West Chester Area School District serves over 12,000 students in eleven elementary schools, three middle schools, and three high schools. The district spans over 75 square miles in both Chester and Delaware counties. With a $302 million annual budget, the district employs over 1,000 teachers, 70 administrators, and 400 support staff.

I had the opportunity to sit down with Dr. Christopher on December 20, 2023, at the West Chester Area School District administration building. He provided answers to questions submitted in advance both in written form and during the interview. The answers below are printed exactly as he submitted them. Additional answers from the interview were transcribed and edited only for clarity.

Why were you interested in seeking the Superintendent position at WCASD?

I’ve known Dr. Scanlon, the former superintendent of West Chester, for about thirteen years, and he always spoke so highly of this community and school district. When the position opened, I knew it was something that I had to explore. It’s just got such a rich history and such a great reputation as both a great school district and as a place to live. When the search committee reached out to me to see if I had any interest, my wife and I decided that I should at least interview and see where it went. Fortunately, it all worked out.

What is the most urgent issue facing the district at this time?

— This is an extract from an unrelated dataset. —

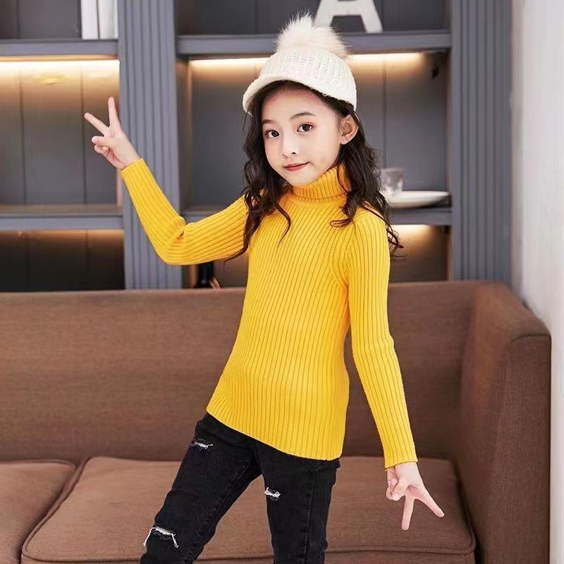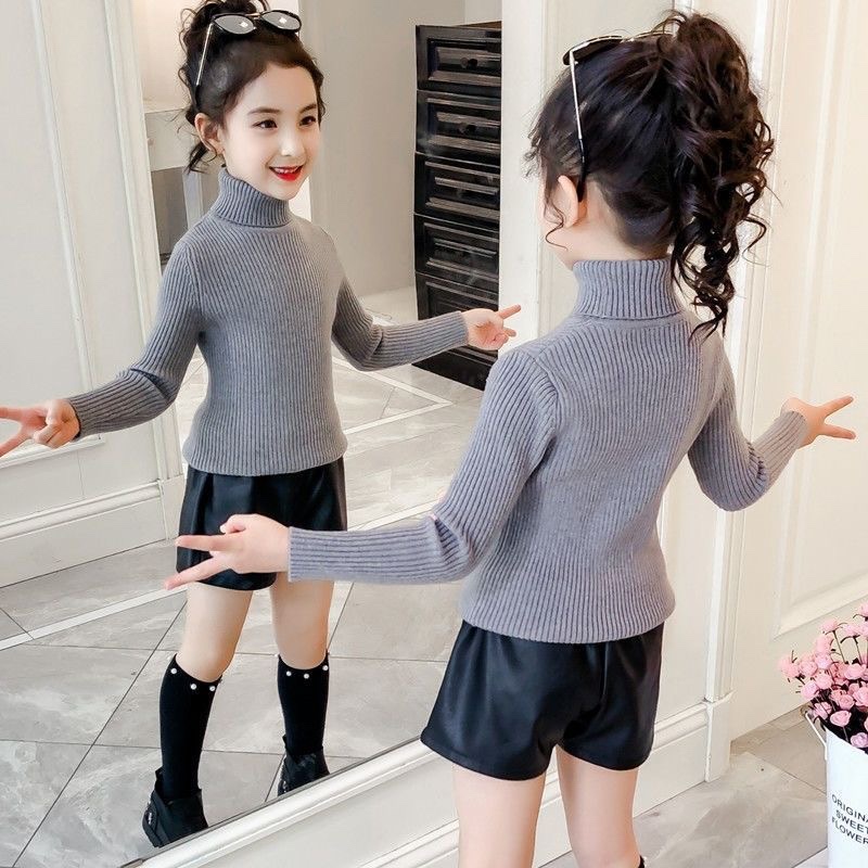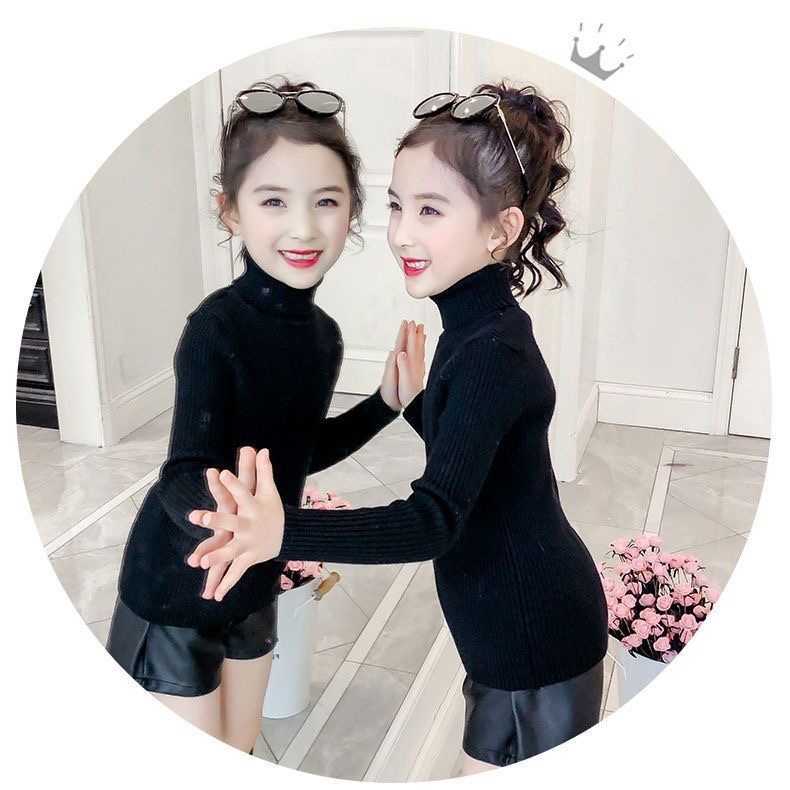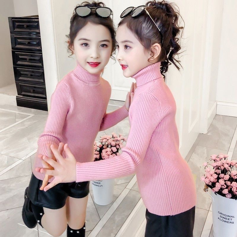 가을과 겨울 새로운 여아 스웨터 터틀넥 베이스 셔츠 어린이 니트 셔츠 인터넷 인기 외국 스타일 모든 경기 아동복 두 옷깃

I think that stability in our central office is a concern I have heard from many internal and external stakeholders. I think ensuring that we have an organizational structure that supports our building leaders and teachers while providing them with a clear vision for the district is critical. The amount of change we have experienced as a district in our leadership team has made it difficult to maintain a clear and consistent focus. The power of a large district is in the collective ability to accomplish things that are often difficult to do in smaller places, but to be successful, a consistent vision is required for the work to be effective. 

What are your top priorities for the next year?

Creating a vision for the district with input from all stakeholder groups. We have an excellent strategic plan and our goals in that plan are ones that make sense. However, we have to have a vision of what success for our students looks like. For me, a vision of success for our students has to be something we co-create with our community. 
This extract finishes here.